Сын не обижается. Он уже научился самостоятельно держать кружку, зажимая ее «руками». Не такой уж он беспомощный, как месяц назад.
— Отдохни, — советует бабушка, видя, что внук снова держит карандаш в зубах, — позеленел, как капустный лист, со своим писанием. Худущий как щепка.
Низко наклонившись над столом, Витюшка продолжает писать, придерживая карандаш культями. Не зажившие еще полностью раны под бинтами снова закровоточили. Хорошо, что мама не видит. Алешка успевает до прихода матери «руки» перебинтовать.
8. А Я ВСЕ-ТАКИ ПОЙДУ В ШКОЛУ
Занятия в Ядринской школе начались после завершения полевых работ в конце сентября. Для матери было полной неожиданностью намерение сына идти в школу.
— Зачем? — спросила она.
— Буду с ребятами учиться.
Отговаривать, огорчать старшего сына не хотелось. Пускай сходит вместе с ребятами.
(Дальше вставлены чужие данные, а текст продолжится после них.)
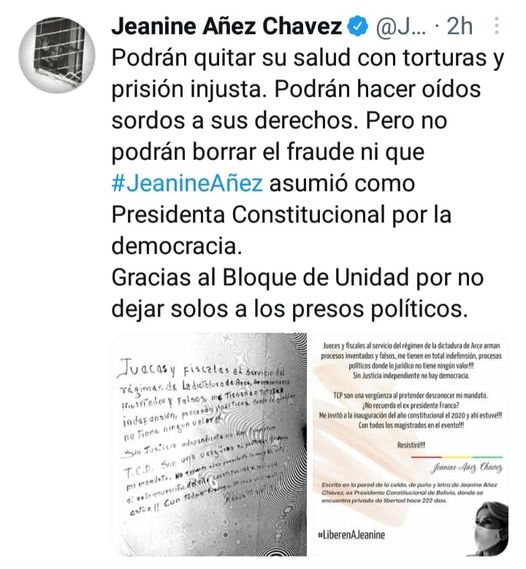 Desde las redes, Añez agradece al bloque de unidad no abandonar a presos políticos

Сам осознает, что не может учиться.
— Наденешь новую рубашку, которую я тебе сшила… Ботинок вот нет.
…С утра выдался погожий, солнечный день. Когда мальчишки зашли за Витюшкой, он уже их ждал. Принарядился в светлую с зеленым» крапинками рубашку, на шее пионерский галстук. Босые ноги, за лето покрывшиеся цыпками, теперь тщательно отмыты. На лавке в холщовой торбе лежат старые учебники, тетради. Лямка торбы давно уже накинута на шею. Услышав голоса ребят, сразу же выскочил из амбара.
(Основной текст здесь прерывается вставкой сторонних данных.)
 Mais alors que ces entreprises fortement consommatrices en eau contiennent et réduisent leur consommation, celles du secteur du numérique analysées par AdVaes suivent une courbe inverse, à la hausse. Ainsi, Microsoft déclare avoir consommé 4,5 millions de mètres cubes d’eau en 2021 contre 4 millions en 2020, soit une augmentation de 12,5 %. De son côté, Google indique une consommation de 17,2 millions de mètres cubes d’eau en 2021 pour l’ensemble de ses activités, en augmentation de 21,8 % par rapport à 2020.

Ребята тоже принарядились, особенно девочки. Все дружно пошагали в школу. Вслед вышла из амбара мать. Прикрыв ладонью козырьком глаза, смотрела вслед. Младший уже раньше убежал в школу, а теперь отправился и старший. Как все его сверстники. Мать плакала.
— Дойдет и вернется, учительша отошлет обратно, — пророчила бабушка.
— Не. отошлет, — возражал дед, — но пользы-то мало! Слушать только сможет… — В этом не вся учеба.
В классе Витюшка по-прошлогоднему расположился на своем обычном месте, в третьем ряду у окна. Отремонтировали школу красноармейцы основательно: не только починили двери, рамы, но и побелили внутри. После долгого перерыва все выглядело как-то незнакомо.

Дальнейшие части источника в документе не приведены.